• _Exercise prompt_
Please return only the lines from the one showing "塔廟窟,一門兩窗。由于工程沒" to the end of the entries, keeping both ends and dropping every picture.

• _Entries supplied_
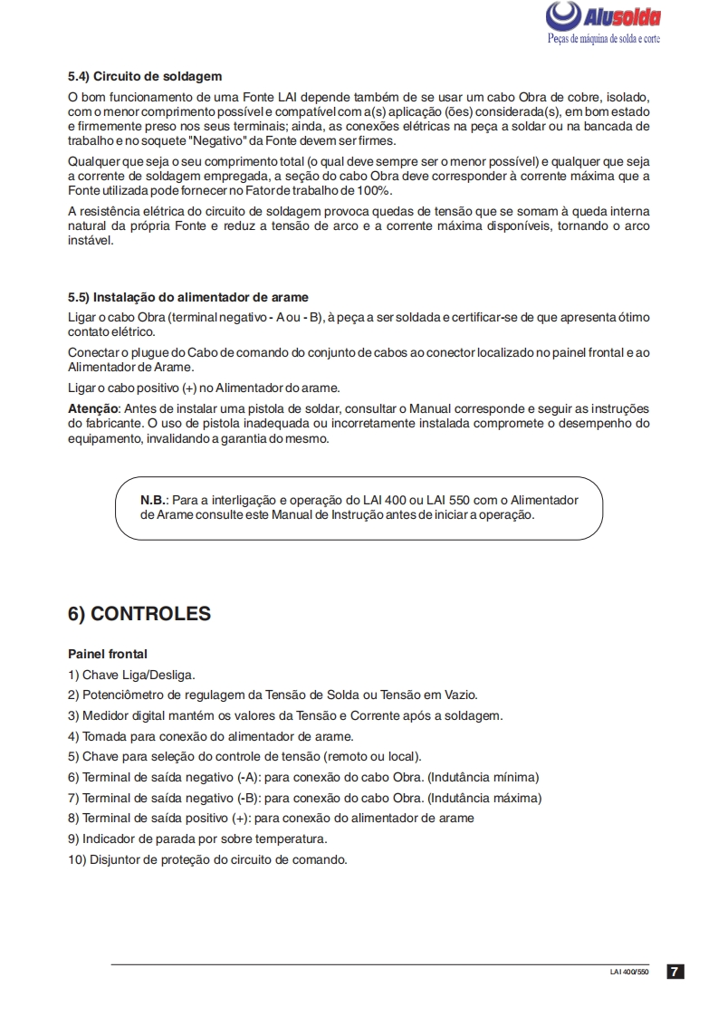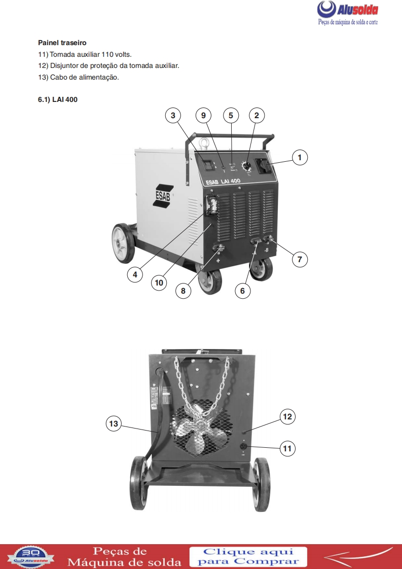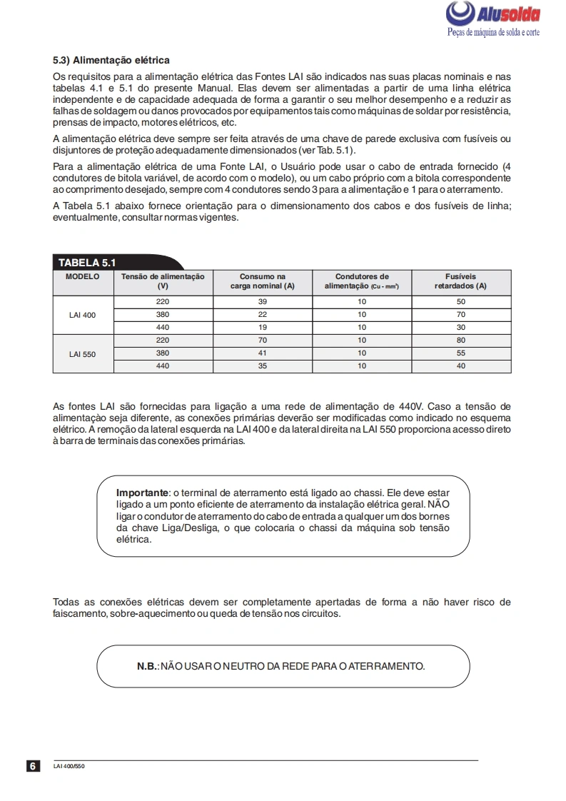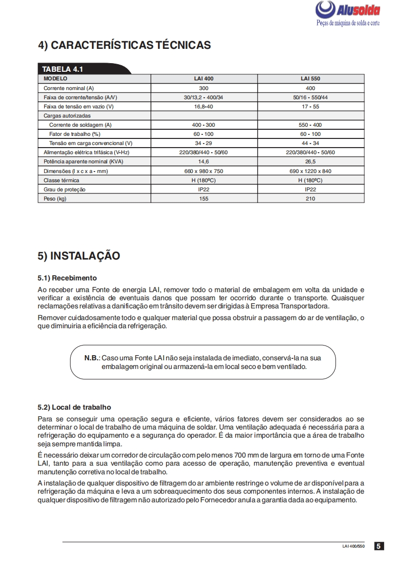 早只AlusoldaESABLA1400/550Retificadores para soldasemi-automaticaESAB LAI 550ESAB LAI 400ESABManual do usuario e pecas de reposicaoReferenciaLA1400:0400057LA1550:0400067A ESAB se reserva o direito de alterar as especificagbes sem previo aviso.0206112082008Valido para n de serie a partir de FXXXXXX
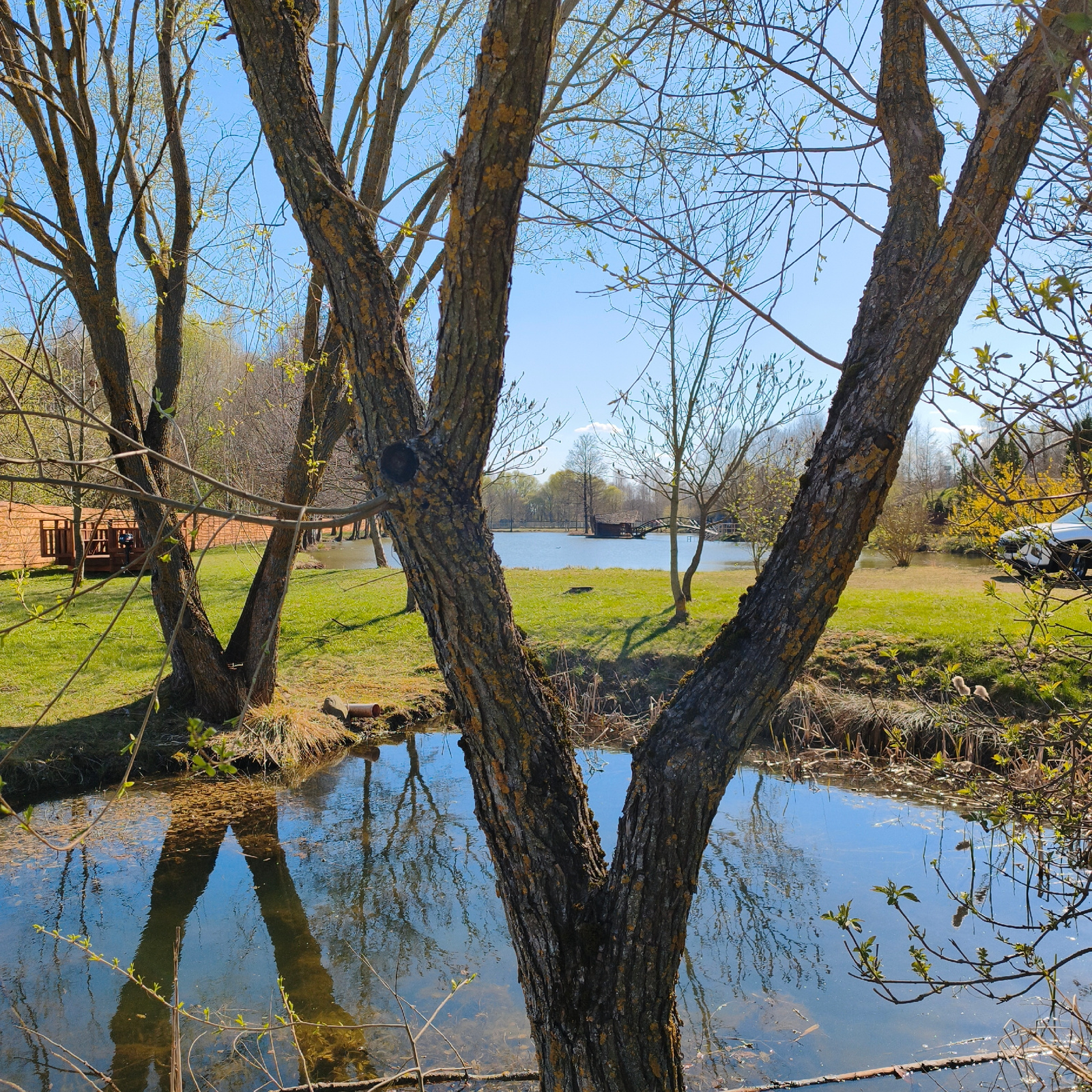 The image depicts a tranquil outdoor scene in Капцёўскі сельскі Савет, Belarus. A small body of water, possibly a pond or a stream, dominates the foreground, reflecting the sky and the surrounding trees. The water is calm, and some vegetation is visible at the edges. Several trees are present, both near the water's edge and further in the background. The trees in the foreground are bare or have sparse foliage, suggesting it is either early spring or late autumn. The bark of the trees is textured and has patches of yellow. In the background, there is a grassy area and additional trees, along with a small wooden structure that appears to be a deck or a platform extending over the water. A white vehicle is partially visible on the right side of the scene, parked near the grass. The sky is clear and blue. The overall impression is one of a serene and natural landscape. | Open Wire
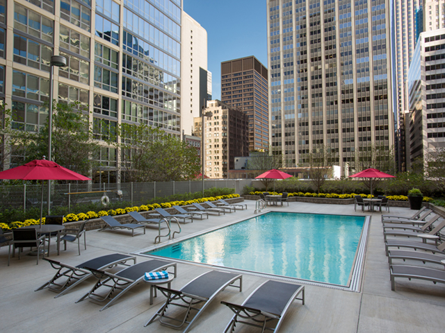公寓配有高级设施和服务,14楼屋顶泳池、烧烤架,室内健身房,每周两次免费瑜伽课程,带壁炉小型图书馆,电脑和打印机,还有高级台球室、筹码桌。24小时security,快递邮件通知,干洗服务,免费咖啡、茶,时常有免费美食美酒party。
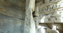 塔廟窟,一門兩窗。由于工程沒有全部完成,洞窟內(nèi)外地面凹凸不平,石窟整體顯得有些零亂。
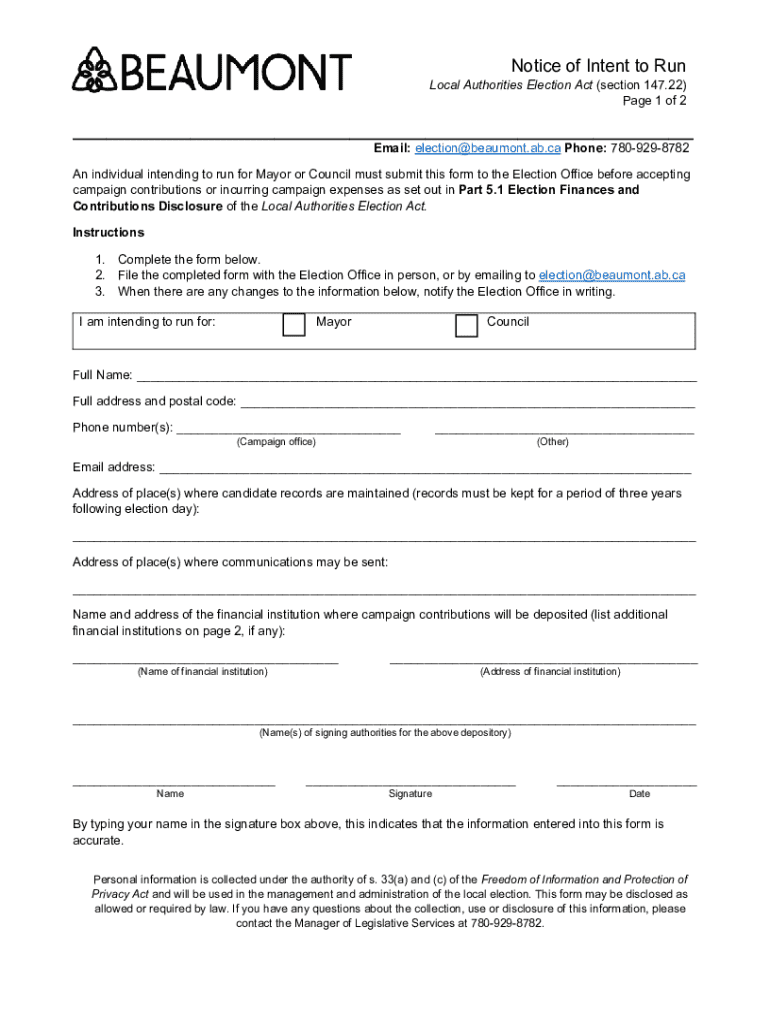 Get the free Notice of Intent to Run
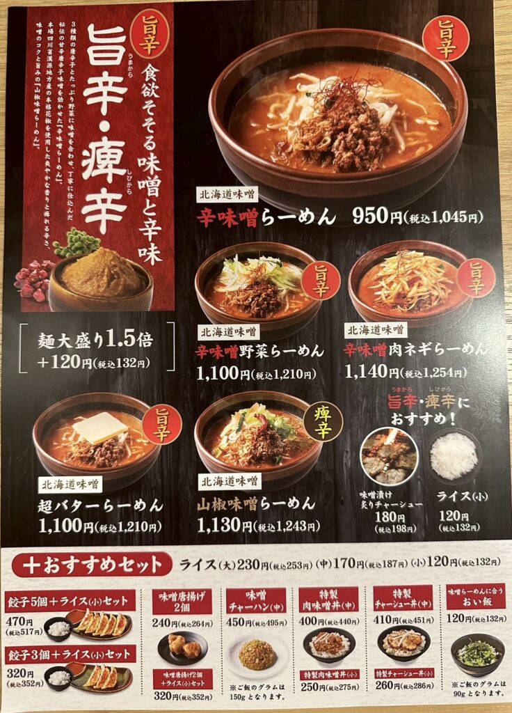 【一宮店 メニュー】

• _Solution to this exercise_
 塔廟窟,一門兩窗。由于工程沒有全部完成,洞窟內(nèi)外地面凹凸不平,石窟整體顯得有些零亂。
 Get the free Notice of Intent to Run
 【一宮店 メニュー】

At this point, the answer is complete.